Retrieve each line that contains the word "Satélite" from the entries below.

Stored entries
--------------------

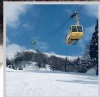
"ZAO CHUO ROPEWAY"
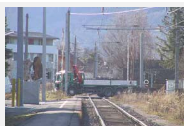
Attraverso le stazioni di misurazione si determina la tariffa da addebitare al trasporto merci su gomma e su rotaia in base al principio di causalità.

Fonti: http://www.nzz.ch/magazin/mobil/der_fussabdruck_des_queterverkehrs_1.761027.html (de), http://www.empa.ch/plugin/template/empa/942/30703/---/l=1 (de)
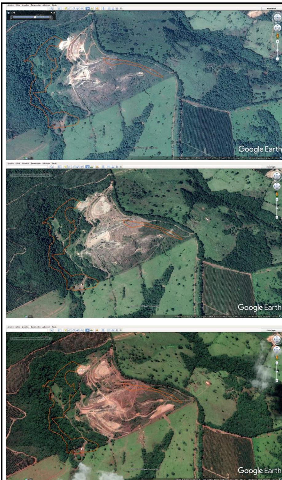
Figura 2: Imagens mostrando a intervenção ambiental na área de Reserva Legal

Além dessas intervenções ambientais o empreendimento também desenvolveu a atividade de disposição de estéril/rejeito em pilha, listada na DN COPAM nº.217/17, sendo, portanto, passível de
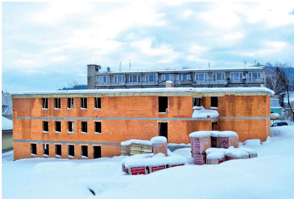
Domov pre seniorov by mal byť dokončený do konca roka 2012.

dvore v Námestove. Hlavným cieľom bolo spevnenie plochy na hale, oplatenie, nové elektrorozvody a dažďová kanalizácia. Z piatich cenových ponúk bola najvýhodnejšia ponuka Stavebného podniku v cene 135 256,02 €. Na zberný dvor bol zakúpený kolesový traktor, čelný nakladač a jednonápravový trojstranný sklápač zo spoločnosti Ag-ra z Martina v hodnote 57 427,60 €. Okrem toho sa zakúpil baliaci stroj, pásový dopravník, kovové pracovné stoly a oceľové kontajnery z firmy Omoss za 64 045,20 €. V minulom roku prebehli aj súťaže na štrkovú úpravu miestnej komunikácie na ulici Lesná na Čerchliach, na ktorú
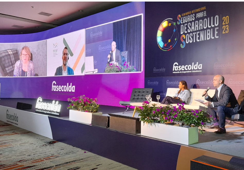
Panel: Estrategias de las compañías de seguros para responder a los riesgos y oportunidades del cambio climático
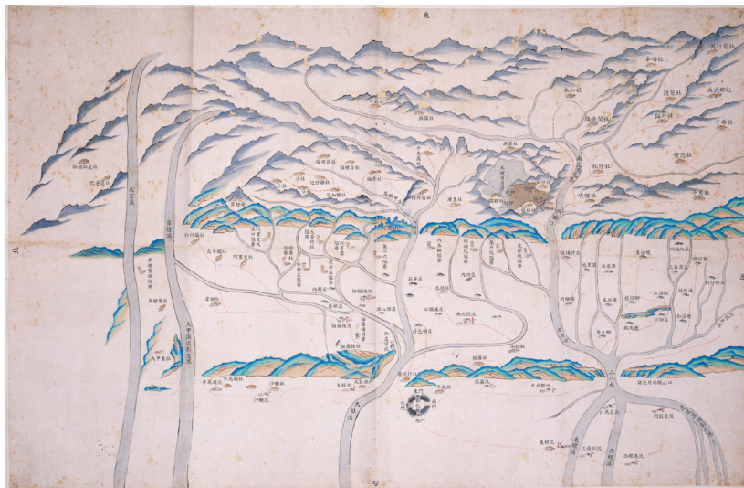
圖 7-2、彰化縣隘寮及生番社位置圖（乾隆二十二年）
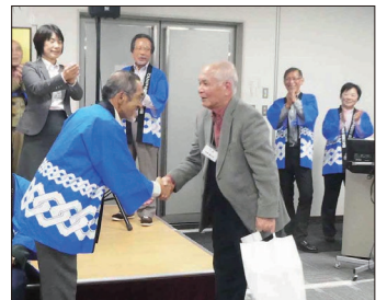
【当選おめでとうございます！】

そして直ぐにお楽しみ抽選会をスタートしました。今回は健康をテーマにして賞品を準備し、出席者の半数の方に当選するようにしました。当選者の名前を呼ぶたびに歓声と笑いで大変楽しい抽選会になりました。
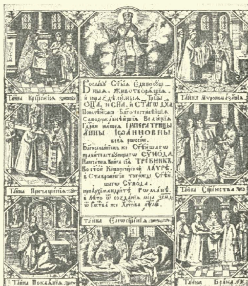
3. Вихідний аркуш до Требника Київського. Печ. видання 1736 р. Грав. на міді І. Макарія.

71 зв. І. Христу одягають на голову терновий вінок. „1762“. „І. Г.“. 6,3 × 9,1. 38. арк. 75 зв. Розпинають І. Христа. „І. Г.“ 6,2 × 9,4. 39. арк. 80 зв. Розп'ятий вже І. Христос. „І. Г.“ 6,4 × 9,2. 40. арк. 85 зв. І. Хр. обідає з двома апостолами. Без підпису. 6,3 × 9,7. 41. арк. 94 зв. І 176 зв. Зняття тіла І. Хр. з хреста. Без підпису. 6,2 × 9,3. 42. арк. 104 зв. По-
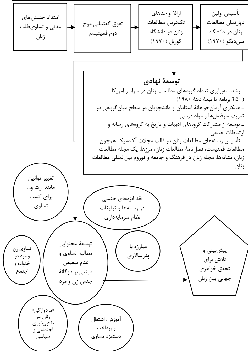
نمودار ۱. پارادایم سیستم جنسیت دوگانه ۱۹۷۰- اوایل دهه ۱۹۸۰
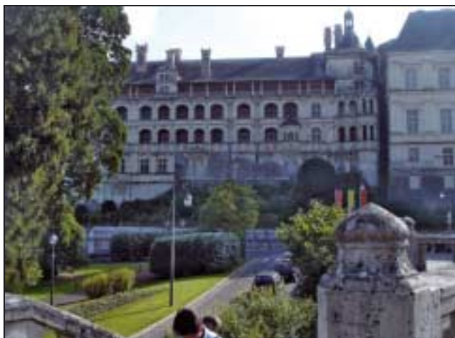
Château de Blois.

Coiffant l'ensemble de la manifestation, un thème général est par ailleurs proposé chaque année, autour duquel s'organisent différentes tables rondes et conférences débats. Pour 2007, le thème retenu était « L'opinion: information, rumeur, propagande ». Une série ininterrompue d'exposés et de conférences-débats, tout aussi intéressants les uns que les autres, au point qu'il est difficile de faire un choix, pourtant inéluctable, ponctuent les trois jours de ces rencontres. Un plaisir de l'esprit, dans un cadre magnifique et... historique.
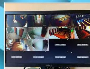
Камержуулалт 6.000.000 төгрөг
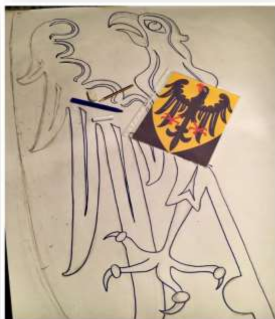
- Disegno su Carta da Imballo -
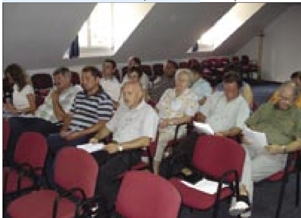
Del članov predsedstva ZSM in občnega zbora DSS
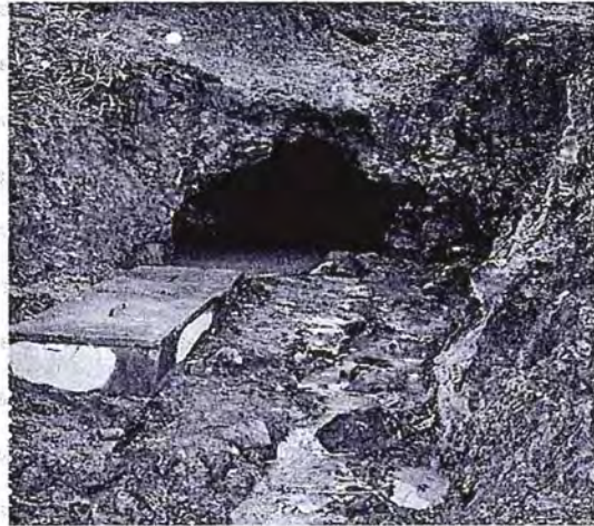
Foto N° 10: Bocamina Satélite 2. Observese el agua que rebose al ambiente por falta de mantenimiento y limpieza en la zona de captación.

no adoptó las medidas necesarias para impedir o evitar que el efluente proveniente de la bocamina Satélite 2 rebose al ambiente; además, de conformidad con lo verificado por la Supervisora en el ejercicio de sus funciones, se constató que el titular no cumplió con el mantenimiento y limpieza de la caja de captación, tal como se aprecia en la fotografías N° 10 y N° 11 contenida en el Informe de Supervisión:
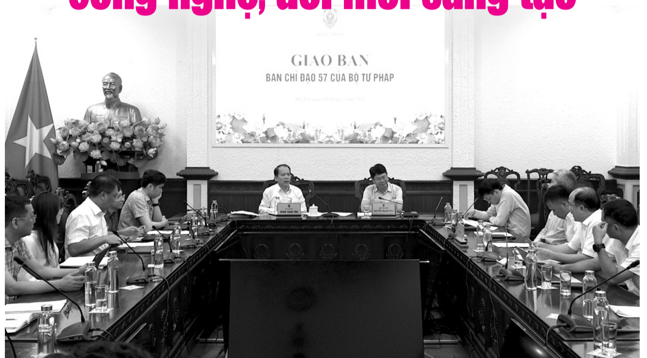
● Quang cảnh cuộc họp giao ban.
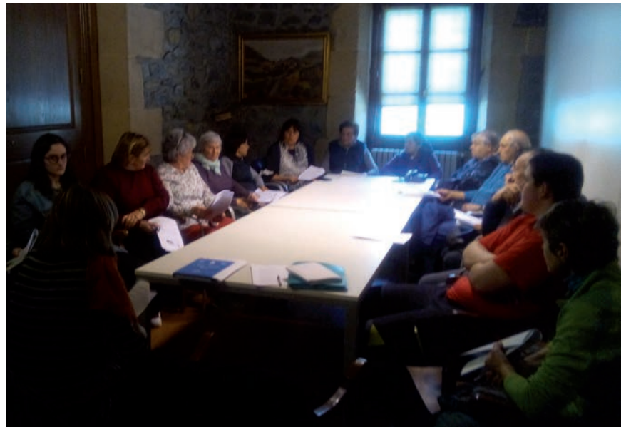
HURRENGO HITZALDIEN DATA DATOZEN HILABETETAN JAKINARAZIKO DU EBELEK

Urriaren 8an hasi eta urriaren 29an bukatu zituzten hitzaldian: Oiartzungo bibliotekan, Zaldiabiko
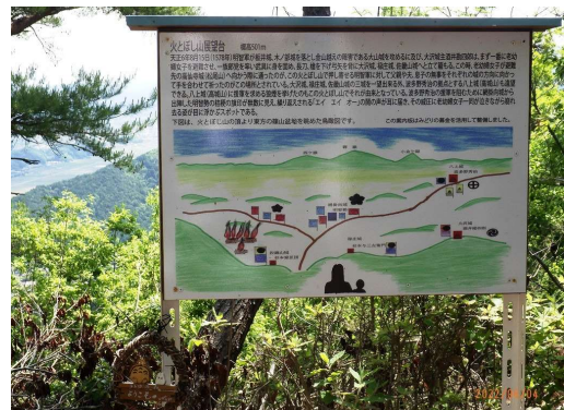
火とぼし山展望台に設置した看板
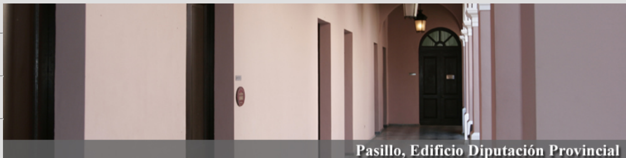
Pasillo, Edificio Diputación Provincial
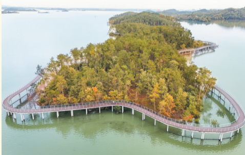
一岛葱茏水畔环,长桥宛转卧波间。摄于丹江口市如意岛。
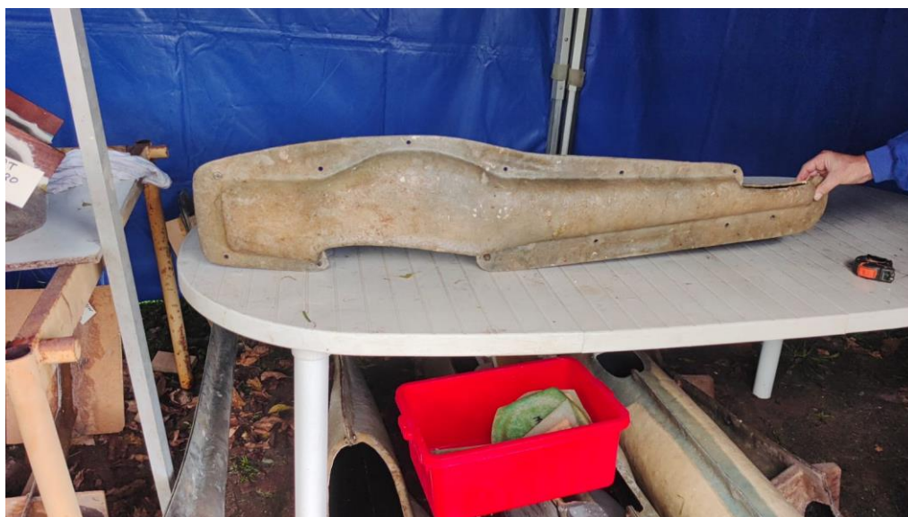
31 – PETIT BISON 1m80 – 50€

--------------------

- _Task response_
Foto N° 10: Bocamina Satélite 2. Observese el agua que rebose al ambiente por falta de mantenimiento y limpieza en la zona de captación.
no adoptó las medidas necesarias para impedir o evitar que el efluente proveniente de la bocamina Satélite 2 rebose al ambiente; además, de conformidad con lo verificado por la Supervisora en el ejercicio de sus funciones, se constató que el titular no cumplió con el mantenimiento y limpieza de la caja de captación, tal como se aprecia en la fotografías N° 10 y N° 11 contenida en el Informe de Supervisión:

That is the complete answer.